“Toen ik zes jaar was, ging ik voor het eerst naar de lagere school. De kleuterschool bestond toen nog niet. Ik vond het eerst niet leuk om naar school te gaan; thuis kon ik heel fijn spelen. Met buurkinderen, met dieren en ook bij opa en grootmoe. Maar toen ik zes werd, was dat afgelopen. Elke morgen liep ik naar school langs de Rijksweg. Het fietspad langs de N360 was er nog niet; je liep vanuit Zevenhuisjes in de brede berm naar wat nu de Oude Rijksweg heet. Bij de draaibrug begon de Dorpsweg en vandaar naar school. Tussen de middag bleven we over. In de zomer gingen we ook wel door de velden naar school. Dat was een stuk korter, maar het weer moest wel goed zijn, anders was het veel te nat.
Eerste fiets
Op mijn negende kreeg ik mijn eerste fiets. Die van mijn oma uit Bedum, een echte Brennabor, een Duits merk. Daarmee kon ik tussen de middag wel naar huis. Bij slecht weer kreeg ik brood mee om over te blijven. Ik kan me niet herinneren dat we ooit door het slechte weer thuis zijn gebleven van school. Wel dat we door sneeuwduinen moesten ploeteren om op school of weer thuis te komen.

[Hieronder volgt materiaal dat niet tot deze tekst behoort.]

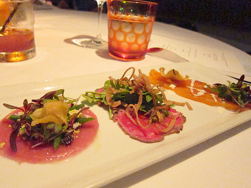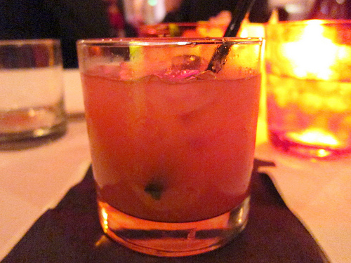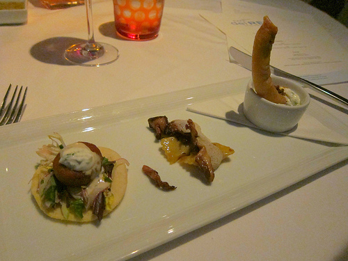 The Pomegranate Hum (10 Cane rum, pom seeds, fresh pom juice, orange juice, hum botanical) was the first cocktail I tried. I didn’t know what hum botanical was but it’s used much like bitters. It tasted like hibiscus or a spiked jamaica to me. On its own, it’s strong stuff but carefully blended in this cocktail, it was a tasty beverage. I was also intrigued by the Spiced Apple Bourbon (Woodford Reserve, spiced apple cider simple syrup, ginger ale). The would-be heavy cocktail was lightened by the ginger ale. I was going to get a Kiwi Mojito (infused kiwi 10 Cane rum, rosemary mint syrup, fresh mint, lime) but unfortunately they were out of kiwi. I got a strawberry one (not listed on the menu) instead. It was lighter on the mint than expected. I also tasted the California 75 (Hendrick’s gin, St. Germain, lime, sparkling wine) which was a really nice riff on a French 75.
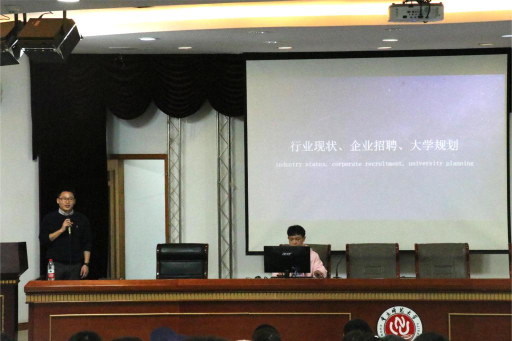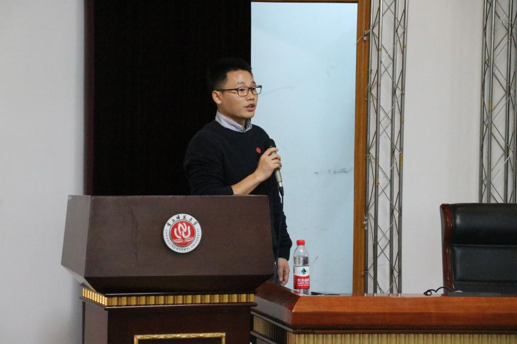 在凯撒报告厅进行“从宏观到微观”校友宣讲会。此次校友论坛由学院团委书记学工办主任钟华主持,邀请到已毕业的优秀校友冯李磊和梁俊杰。
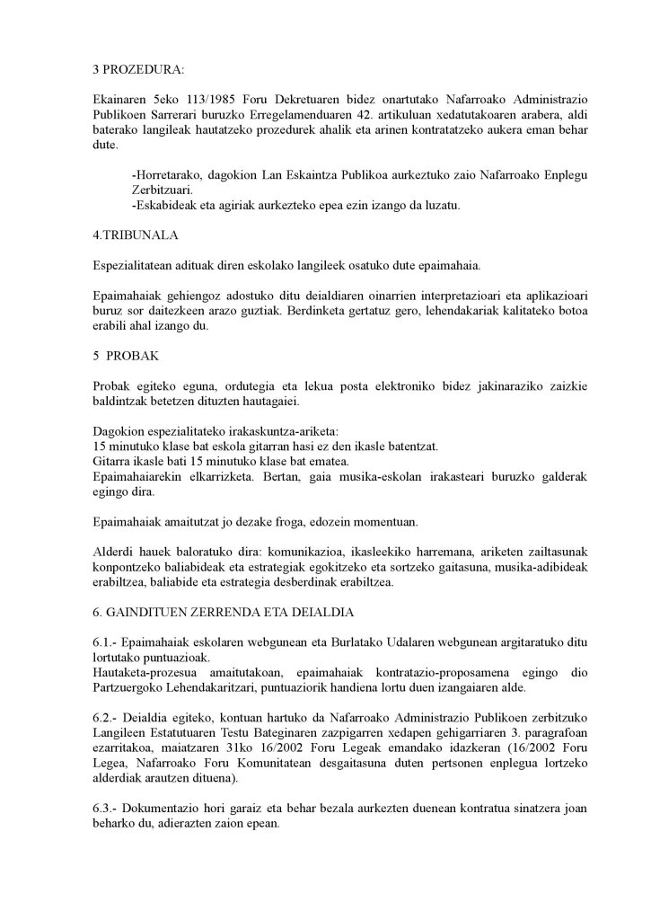 HAUTAPROBEN BIDEZ GITARRA KLASIKOAREN ESPEZIALITATEAN IRAKASLE LANPOSTUA BETETZEKO HAUTAGAIEN ZERRENDA ERATZEKO DEIALDIA – CONVOCATORIA PARA LA CONSTITUCIÓN, A TRAVÉS DE PRUEBAS SELECTIVAS, DE UNA RELACIÓN DE ASPIRANTES AL DESEMPEÑO DEL PUESTO DE TRABAJO DE PROFESOR/A EN LA ESPECIALIDAD DE GUITARRA CLÁSICA
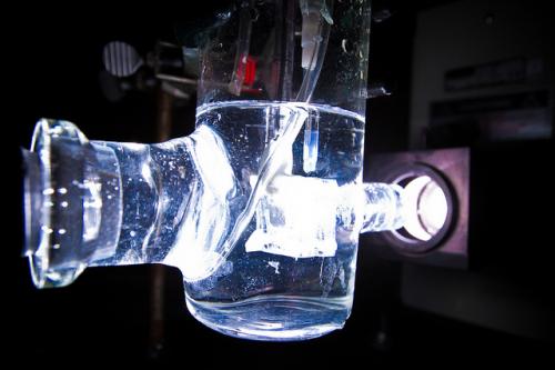 在這個(gè)實(shí)驗(yàn)中,納米樹(shù)電極浸在水中,用模擬太陽(yáng)光照亮,可測(cè)量設(shè)備的電力輸出。來(lái)源:加州大學(xué)。
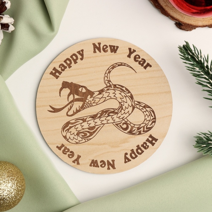 Новый год. Подставка с символом года под горячее "Змея", диаметр - 9,5 см
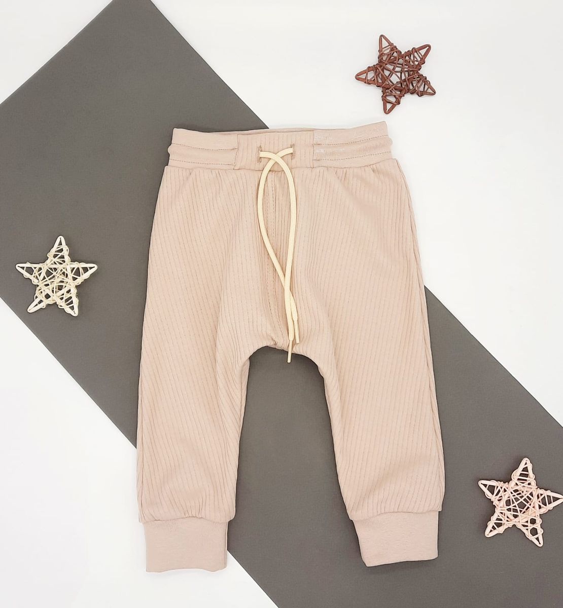 Брюки для новорождённых из мягкого, эластичного трикотажа, произведенного из натурального хлопка. Пояс на резинке. Все трикотажные полотна производятся в соответсвии с нормами Швейцарского сертификата ЭкоТекс.
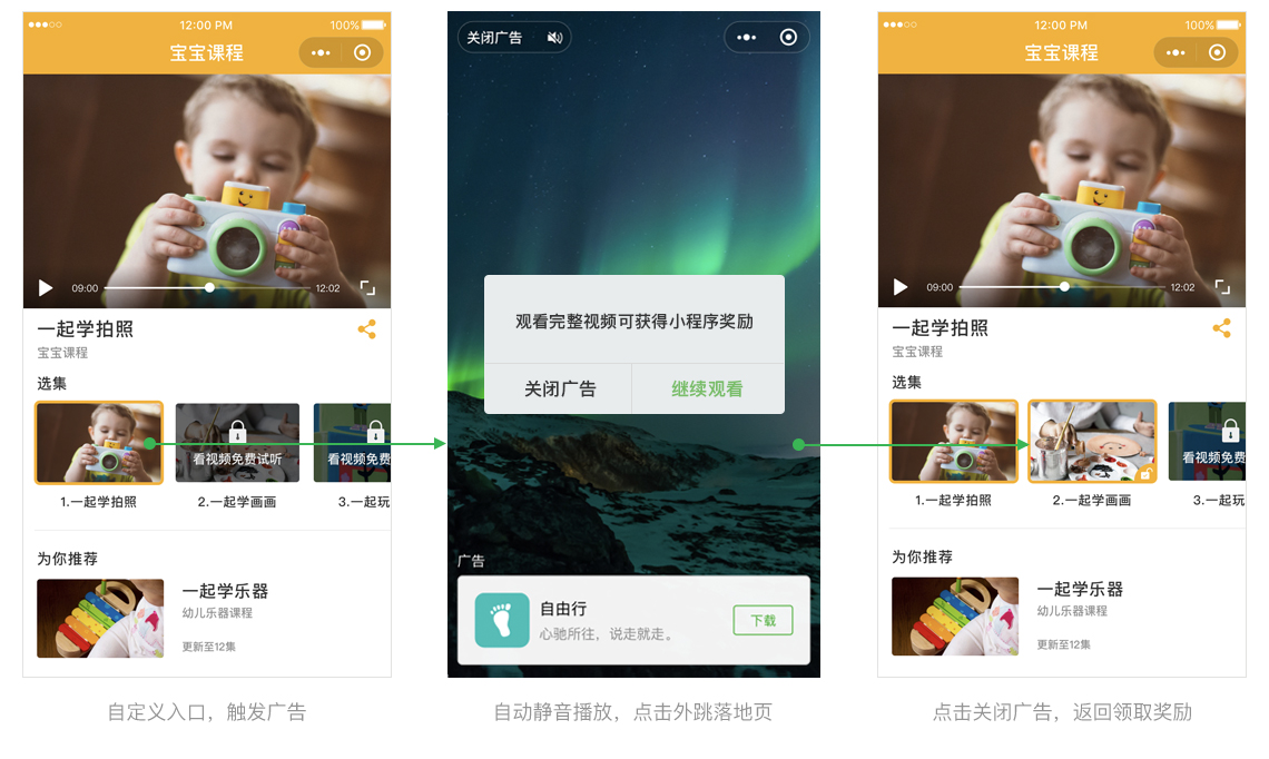 1.小程序激勵式視頻廣告是指用戶在小程序內主動觸發的一種廣告模式,用戶完成廣告視頻觀看后可獲得流量主設定的相應獎勵。
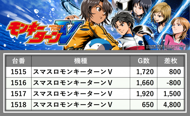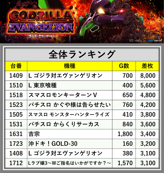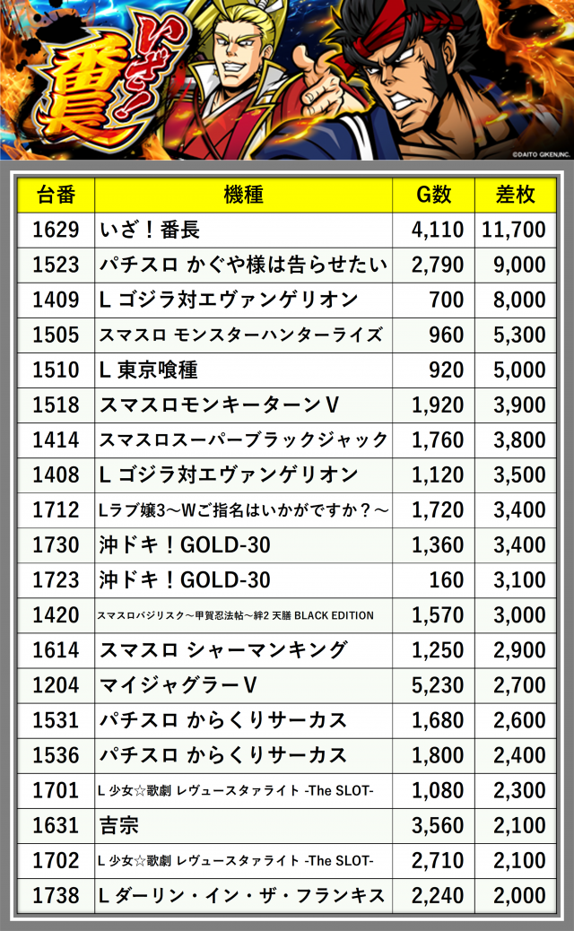 厳選された取材対象機種をはじめ、その他スロット全体から好記録が飛び出した!プレイヤーが楽しんだ1日を下記データにて振り返ってみて欲しい。
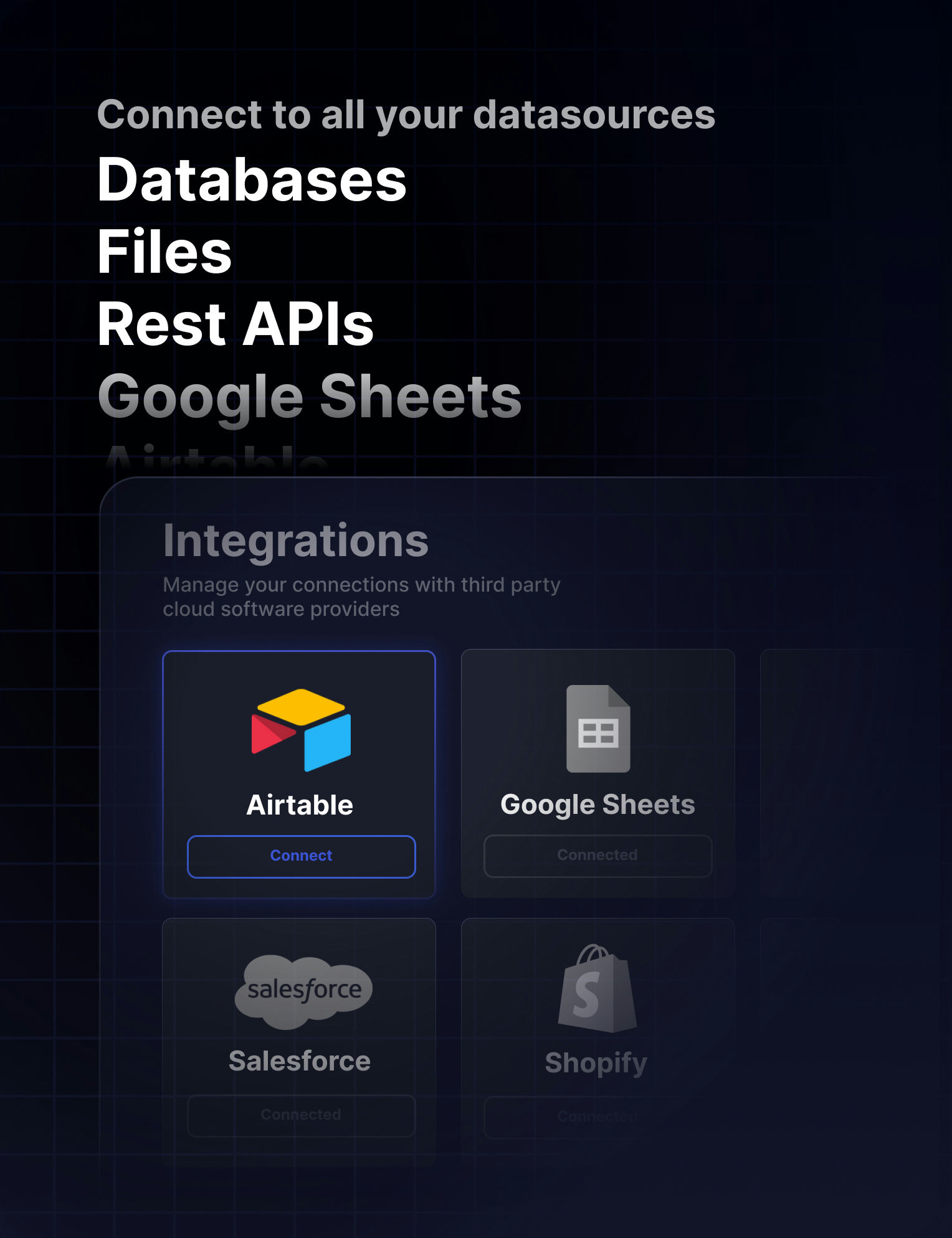 Furthermore, the AI Dashboard Builder is designed to integrate effortlessly with a vast range of data sources.
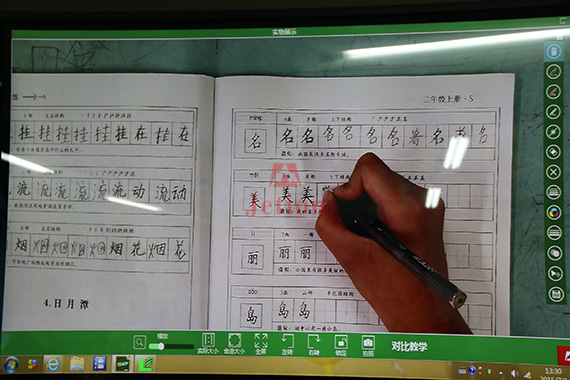 下面是沈陽大東三校的語文課上,馬老師用吉星展臺展示一位學生寫作業(yè)的過程,同學們通過大屏幕觀看。老師進行詳細的講解,讓同學們能夠清晰的了解到書寫的要點和文字的詳細構造。
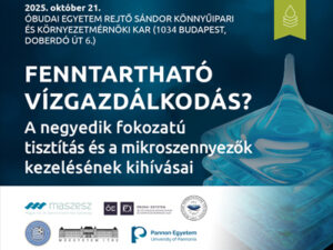 Várjuk Hallgatóinkat és Kollégáinkat a 2025. október 21.-én Karunkon megrendezésre kerülő FENNTARTHATÓ VÍZGAZDÁLKODÁS? A negyedik fokozatú tisztítás és a mikroszennyezők ...
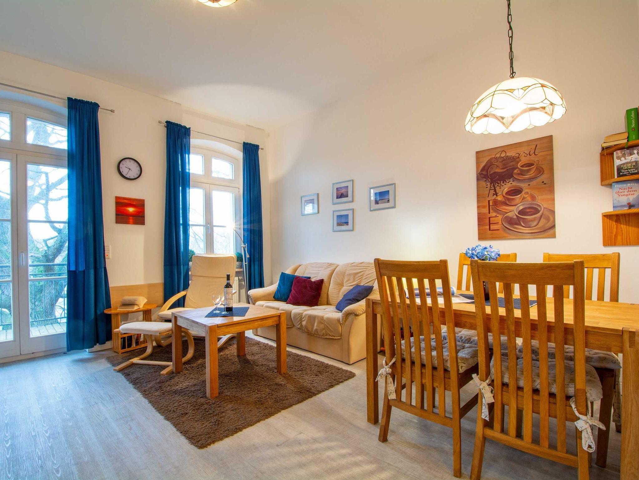 Die liebevoll eingerichtete 2-Raum-Ferienwohnung befindet sich in der zweiten Etage der Villa Waldhaus. Der kombinierte Wohn- und Essraum ist ausgestattet mit einer Schlafcouch (130cm Breite), Fernsehsessel mit Fußablage, einem 32-Zoll-Flachbild-TV, Radio sowie einem Esstisch mit 4 Stühlen. Von hier betreten Sie den möblierten Balkon, der nach Westen ausgerichtet ist. Vom Balkon können Sie bis zum Meer rüber schauen.
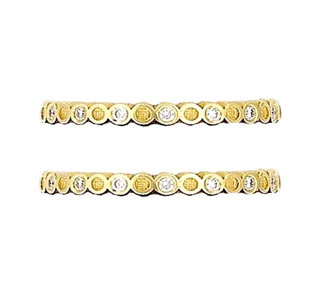 Hidalgo 18k yellow gold diamond ring guards feature plain gold circles and bezel set diamonds all around weighing 0.16 carats.
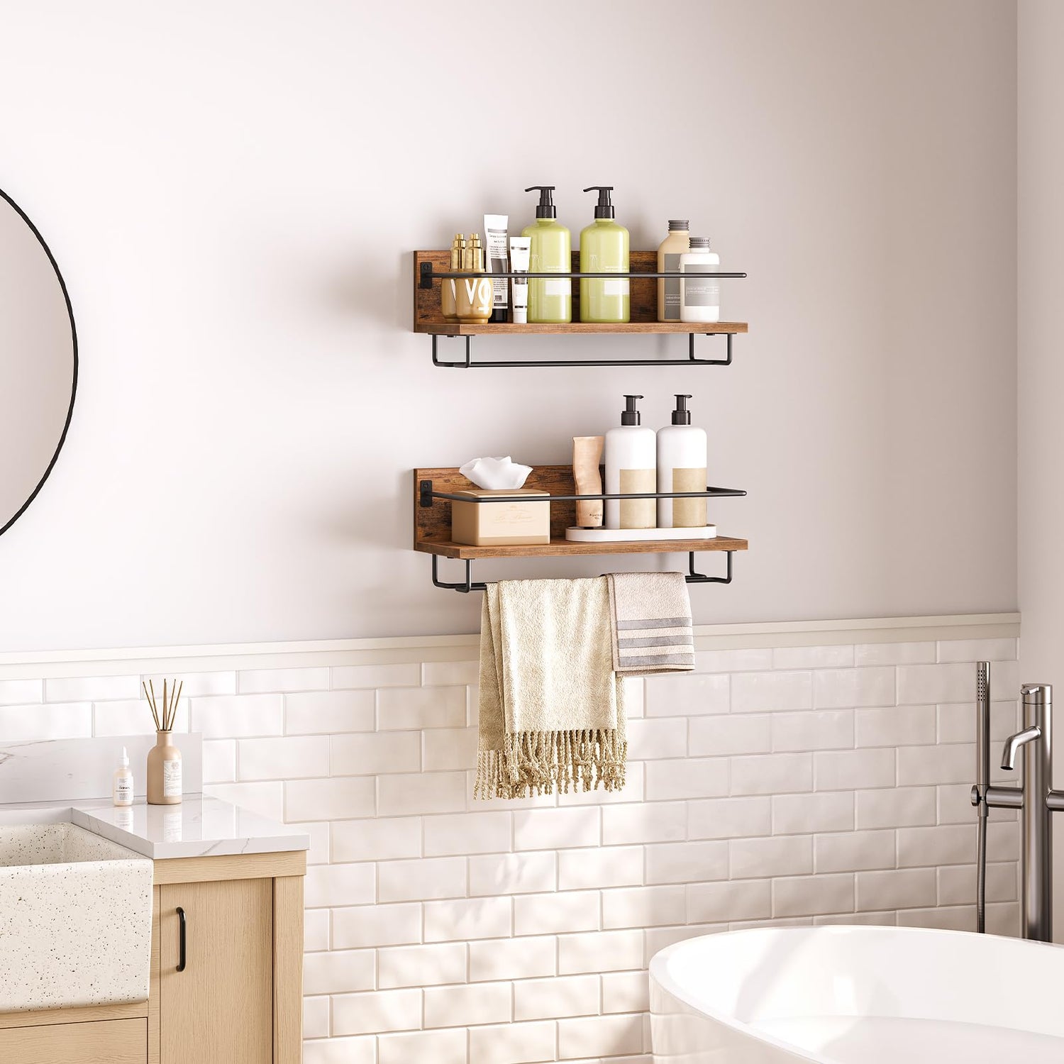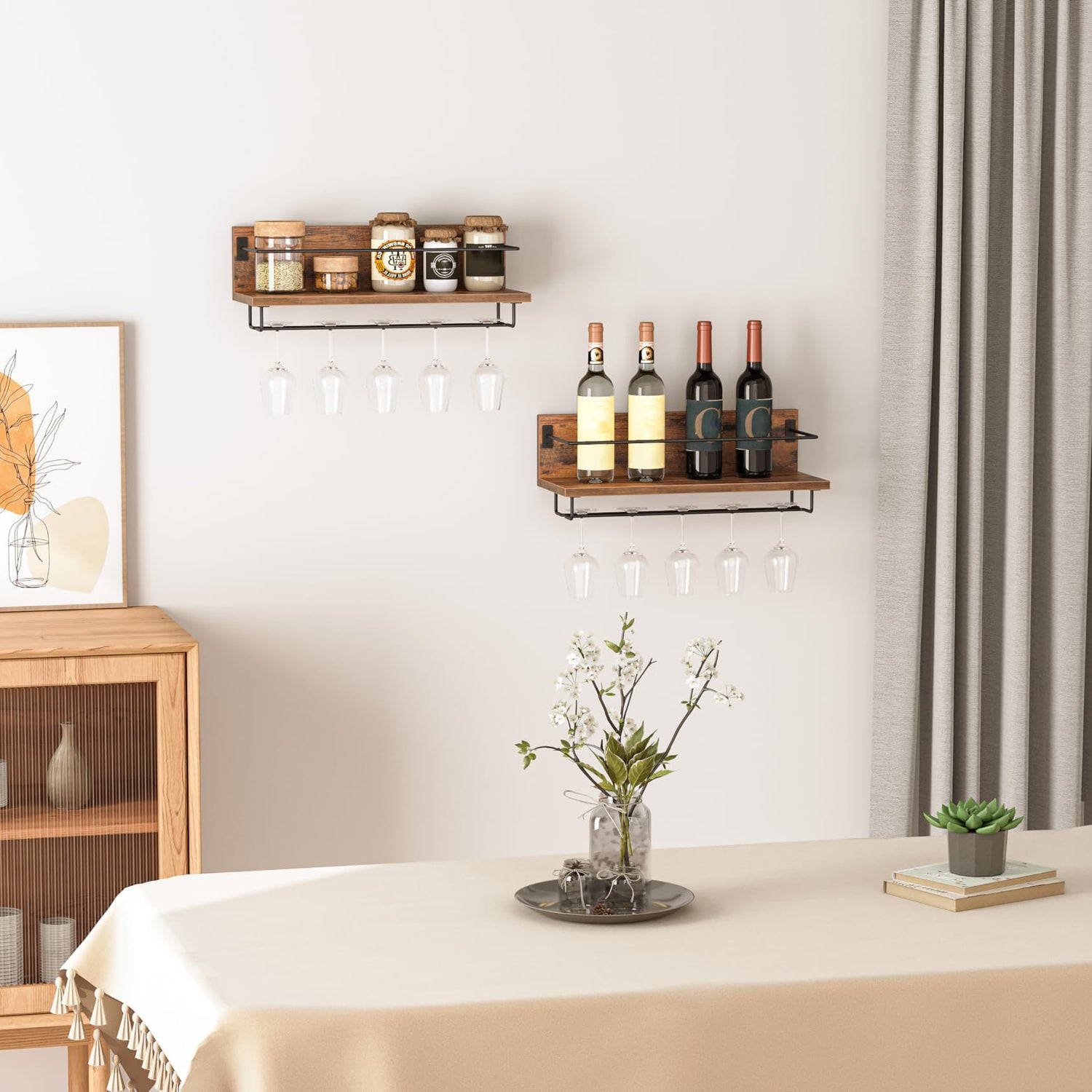HOOBRO Wall Mounted Wine Rack 2 Pack, Wine Shelf Hanging Floating Wall Shelves, Wine Glass Bottle Rack Stemware Holder, for Living Room, Dining Room, Kitchen, Rustic Brown and Black BF28BJ01

Tot mijn veertiende ben ik naar de lagere school gegaan. Zo ging dat vroeger: ging je naar de Mulo of HBS dan bleef je tot je twaalfde. Deed je geen middelbare school, dan bleef je tot je veertiende op de lagere school. Ik ben daarna een jaar thuis blijven werken. Mijn jongste zusje was net geboren en ook woonde mijn opa bij ons in: mijn moeder kon mijn hulp goed gebruiken. Vanaf mijn vijftiende had ik mijn eerste werk buitenshuis: ik werd morgenmeisje bij de familie Marrink aan de Korreweg. Daar ging ik op de fiets naar toe. Ik deed er allerlei huishoudelijk werk, tot kwart voor één ‘s middags.
Eerste vakantie
In de zomer van 1939 ging ik voor het eerst met vakantie, op de fiets. Samen met mijn nicht Hilda gingen we naar mijn oom en tante die in Beilen woonden. We waren al in Beilen toen we door een politieagent werden aangehouden. Hij controleerde onze fiets op het fietsplaatje. Dat was een metalen bandje met een jaartal erin dat je op het gemeente-huis kocht waarmee je dan je fietsbelasting betaalde. Mijn fietsplaatje zat keurig aan mijn stuur; die van Hilda had ze in haar jaszak. Maar dat mocht niet van de agent: zij kreeg een bekeuring van één gulden. Hilda was zo nijdig dat ze direct weer naar huis wilde. Dat was mij te gek - we waren er al bijna. Ik overreedde haar door voor te stellen de helft van de boete voor mijn rekening te nemen. Zo zijn wij uiteindelijk toch bij oom en tante aangekomen. Maar goed ook, want Hilda heeft daar haar latere echtgenoot ontmoet!
In oorlogstijd
Later werkte ik bij de familie Verhoog op Ruischerbrug. In de oorlogstijd hadden ze Duitse soldaten ingekwartierd. Voor hen maakte ik ook het gemeentehuis van Noorddijk schoon dat bij het huis van Verhoog op het rijtje staat. Elke dag moest ik de klok opwinden en ik zette er koffie. In het gemeentehuis was ook een gevangenis. Als er iemand opgesloten zat, moest ik die te eten en te drinken brengen door een luikje in de deur. Na de oorlog kon ik aan de slag bij notaris Koster in Ten Boer. Daar heb ik meer dan dertig jaar gewerkt. Toen ze in Ten Boer woonden, ging ik altijd op de fiets. Later is hij verhuisd naar Groningen Zuid. Ze wilden graag dat ik ook daar bij hen kwam, maar zo ver wilde ik niet fietsen. Vanaf toen kwam meneer Koster mij twee maal per week halen. ‘s Avonds haalde mijn man Jaap mij weer op.”
De verhalen van Lies
Deel deze pagina:
- Klik om te delen op Facebook (Wordt in een nieuw venster geopend)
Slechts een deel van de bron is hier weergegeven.